• [Prompt]:
Please copy exactly the lines from the first in the records through the line that contains "百老汇音乐剧《福音》中的演员", but not the pictures.

• [Extracted data]:
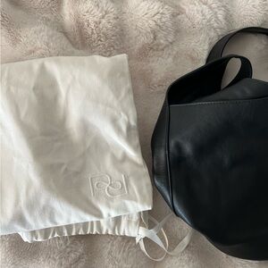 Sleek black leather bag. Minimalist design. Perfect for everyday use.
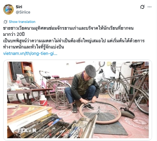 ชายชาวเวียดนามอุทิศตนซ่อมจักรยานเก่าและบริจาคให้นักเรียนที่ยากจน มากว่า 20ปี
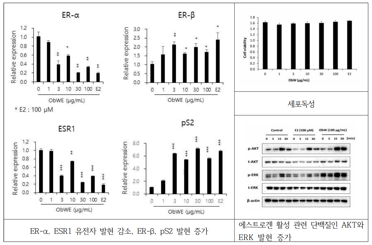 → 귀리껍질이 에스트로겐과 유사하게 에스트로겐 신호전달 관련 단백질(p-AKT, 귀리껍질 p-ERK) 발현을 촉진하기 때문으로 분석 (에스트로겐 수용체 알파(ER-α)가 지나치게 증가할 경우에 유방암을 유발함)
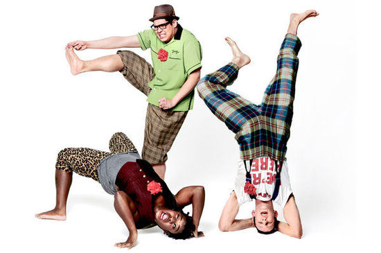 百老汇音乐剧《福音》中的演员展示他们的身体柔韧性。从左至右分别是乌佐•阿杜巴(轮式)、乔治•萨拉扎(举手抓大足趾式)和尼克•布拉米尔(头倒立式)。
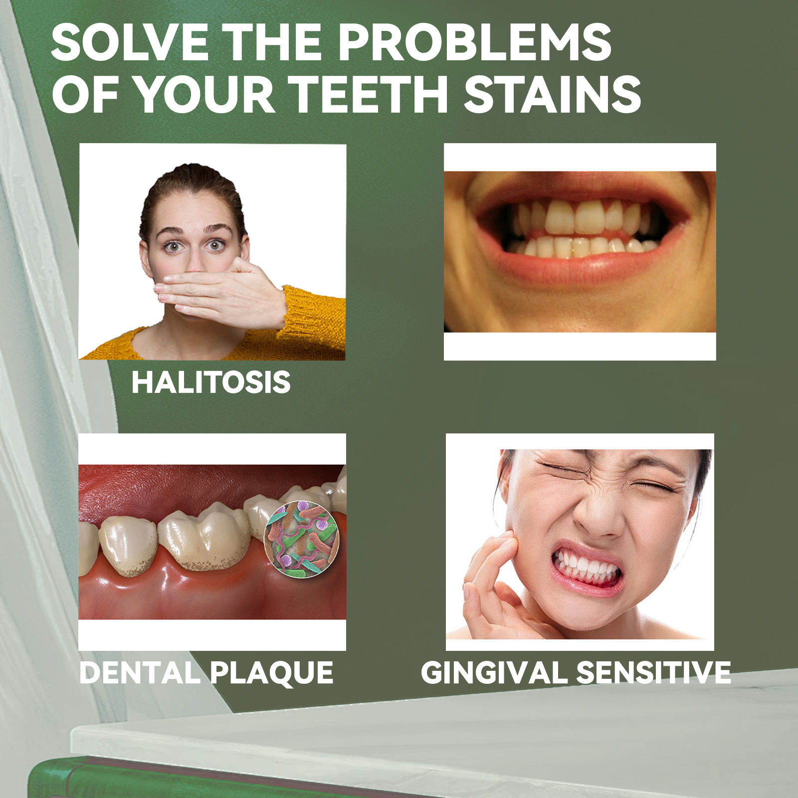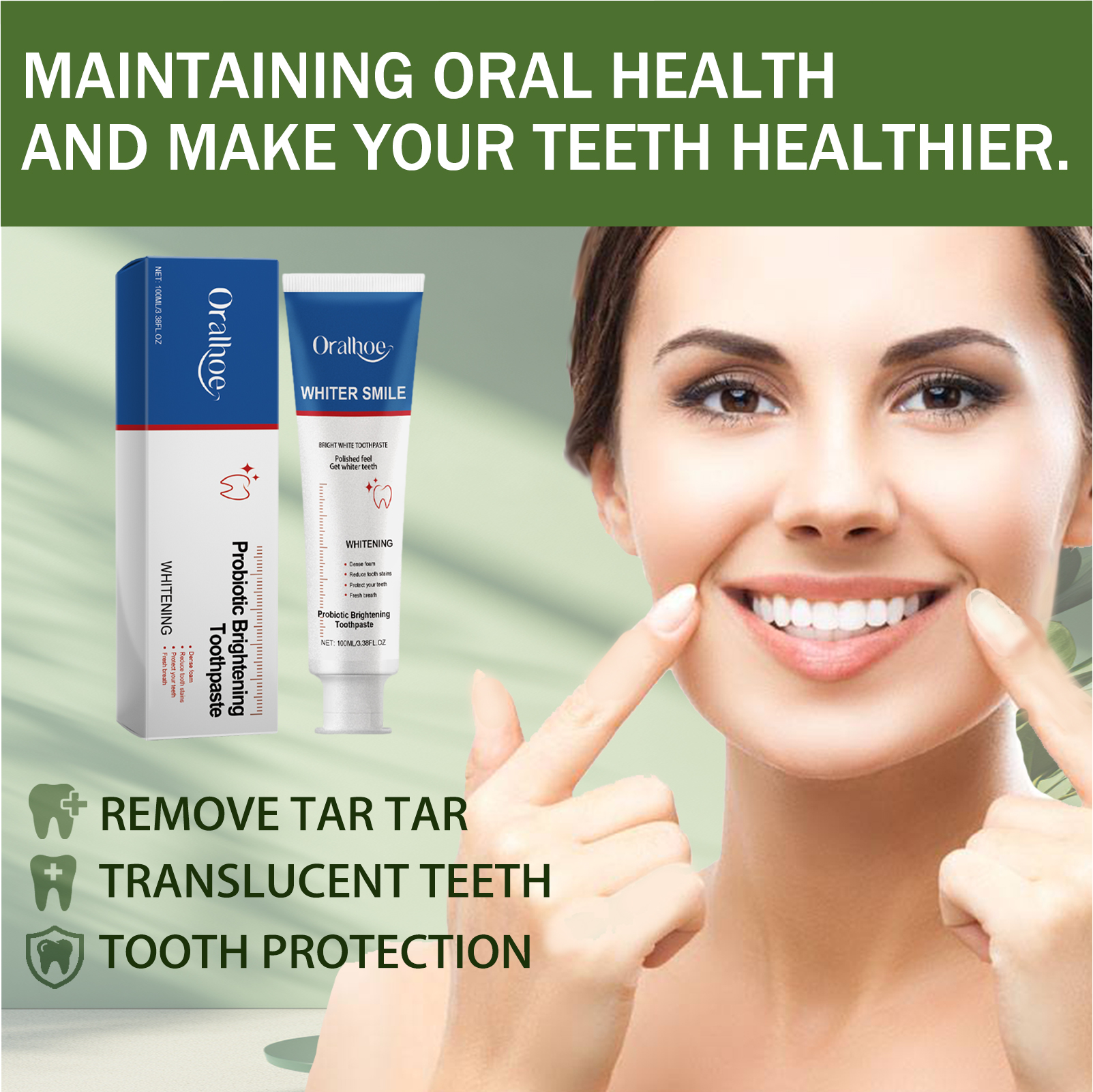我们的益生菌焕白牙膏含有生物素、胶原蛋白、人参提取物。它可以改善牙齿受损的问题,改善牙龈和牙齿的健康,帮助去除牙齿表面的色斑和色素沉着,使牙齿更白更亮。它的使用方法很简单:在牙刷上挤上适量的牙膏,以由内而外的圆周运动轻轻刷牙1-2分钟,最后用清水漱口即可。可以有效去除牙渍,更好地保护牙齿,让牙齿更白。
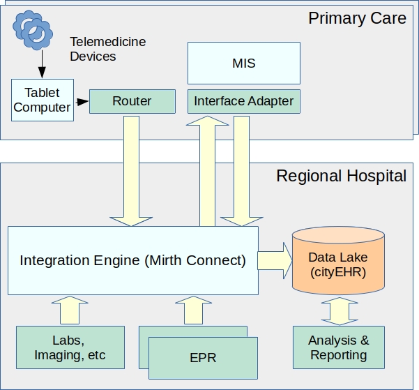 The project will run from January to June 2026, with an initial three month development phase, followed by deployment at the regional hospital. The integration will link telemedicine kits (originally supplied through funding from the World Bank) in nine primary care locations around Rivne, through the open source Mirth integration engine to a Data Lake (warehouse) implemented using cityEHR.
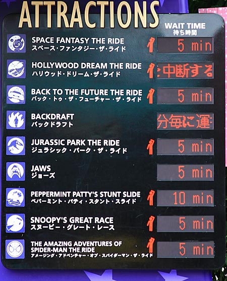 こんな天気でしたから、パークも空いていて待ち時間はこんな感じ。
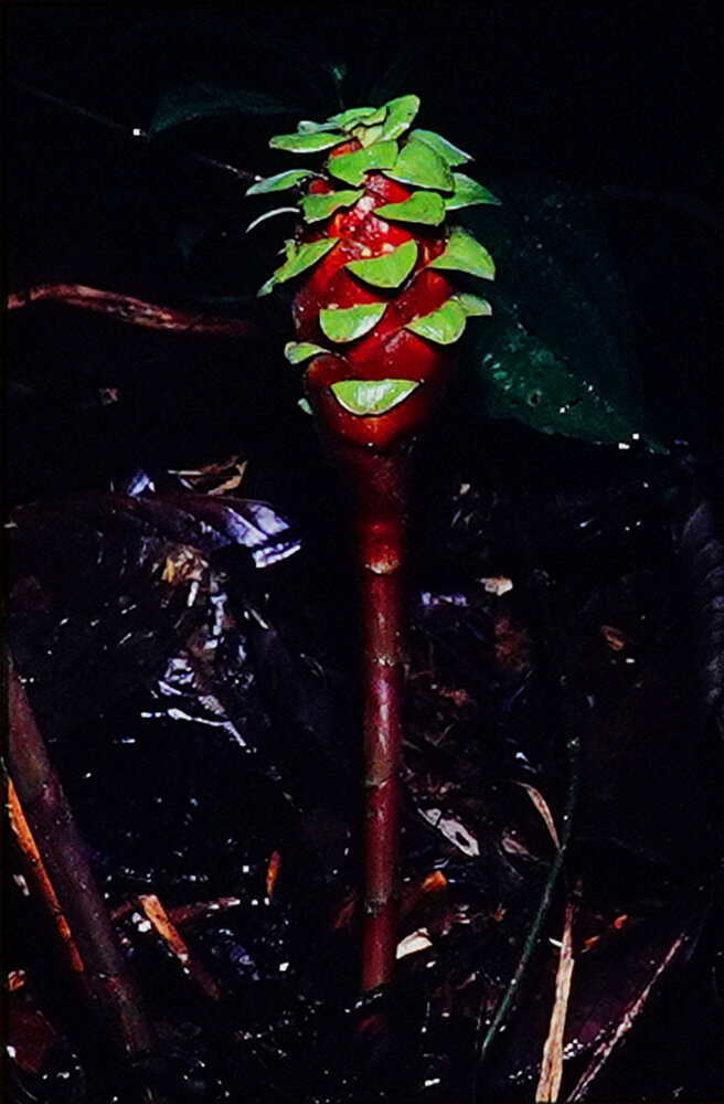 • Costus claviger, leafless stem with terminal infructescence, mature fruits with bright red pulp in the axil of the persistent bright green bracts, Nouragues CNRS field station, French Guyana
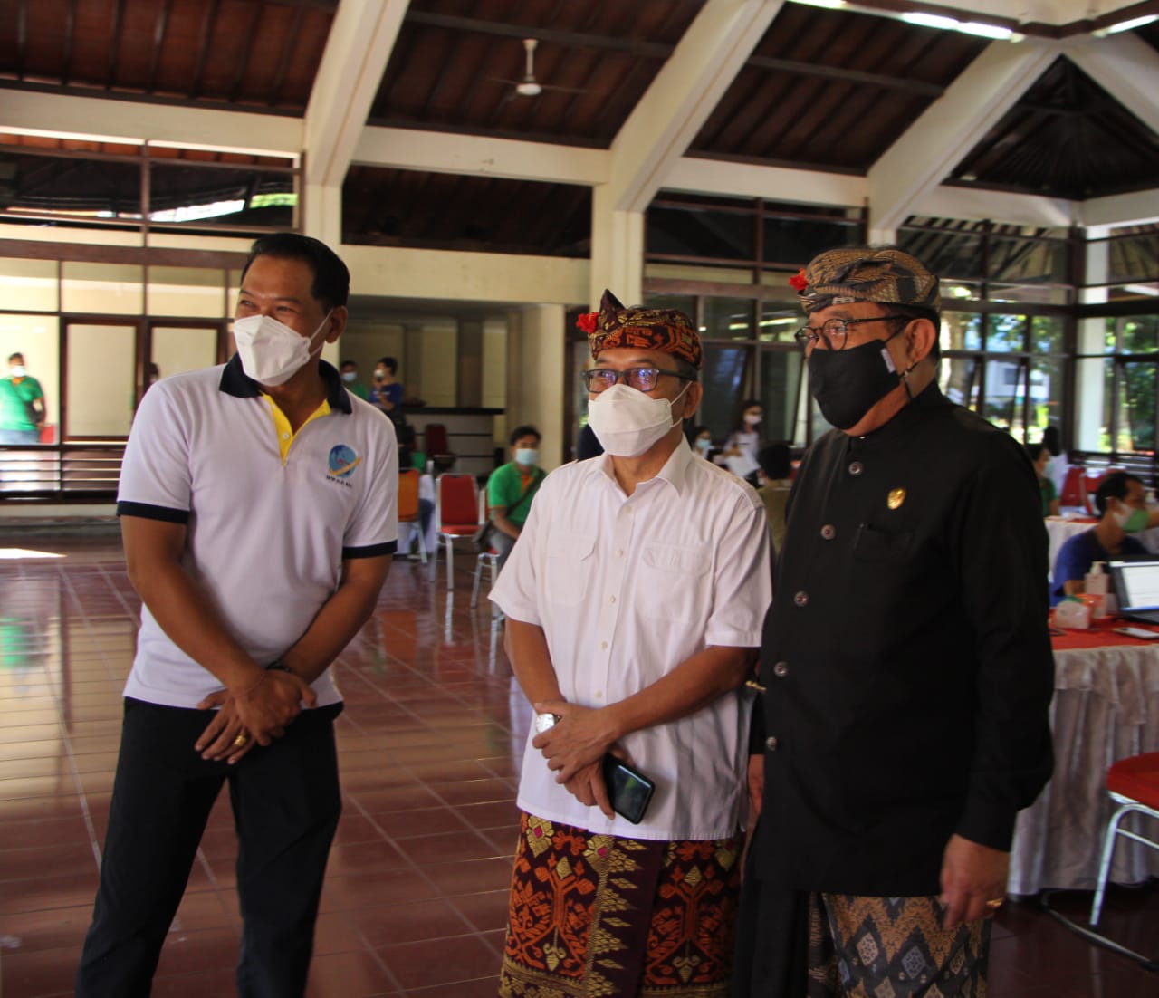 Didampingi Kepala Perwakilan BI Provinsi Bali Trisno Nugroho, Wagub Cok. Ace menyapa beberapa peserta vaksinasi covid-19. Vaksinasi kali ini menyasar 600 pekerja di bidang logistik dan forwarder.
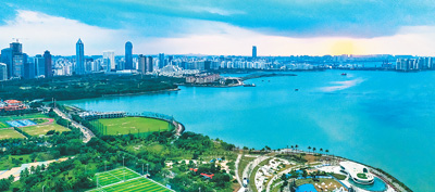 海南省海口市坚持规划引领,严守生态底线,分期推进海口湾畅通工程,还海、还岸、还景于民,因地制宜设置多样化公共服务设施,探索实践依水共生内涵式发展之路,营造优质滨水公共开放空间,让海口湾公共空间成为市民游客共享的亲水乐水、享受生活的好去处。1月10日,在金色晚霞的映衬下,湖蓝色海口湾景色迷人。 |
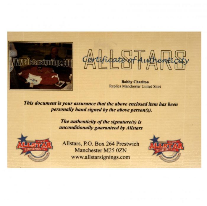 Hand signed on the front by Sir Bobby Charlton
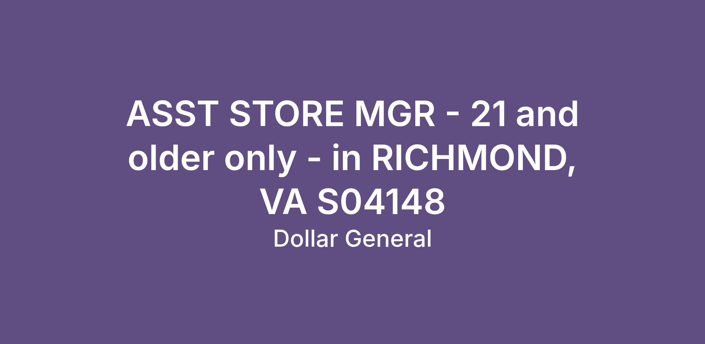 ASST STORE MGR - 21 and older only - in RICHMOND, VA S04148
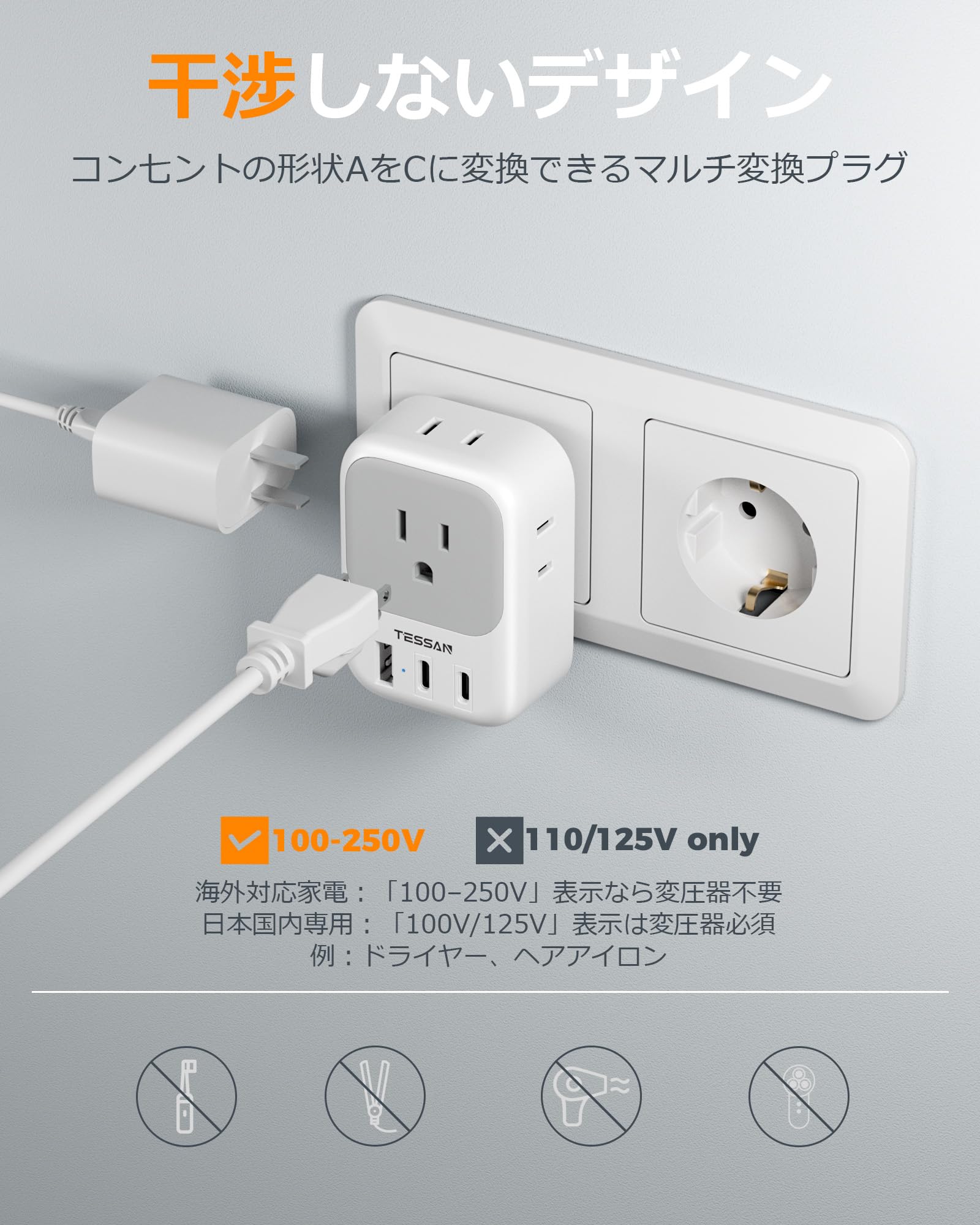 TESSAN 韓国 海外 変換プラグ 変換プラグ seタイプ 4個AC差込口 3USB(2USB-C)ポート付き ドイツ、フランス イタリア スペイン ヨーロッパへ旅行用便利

• [Exercise response]:
 Sleek black leather bag. Minimalist design. Perfect for everyday use.
 ชายชาวเวียดนามอุทิศตนซ่อมจักรยานเก่าและบริจาคให้นักเรียนที่ยากจน มากว่า 20ปี
 → 귀리껍질이 에스트로겐과 유사하게 에스트로겐 신호전달 관련 단백질(p-AKT, 귀리껍질 p-ERK) 발현을 촉진하기 때문으로 분석 (에스트로겐 수용체 알파(ER-α)가 지나치게 증가할 경우에 유방암을 유발함)
 百老汇音乐剧《福音》中的演员展示他们的身体柔韧性。从左至右分别是乌佐•阿杜巴(轮式)、乔治•萨拉扎(举手抓大足趾式)和尼克•布拉米尔(头倒立式)。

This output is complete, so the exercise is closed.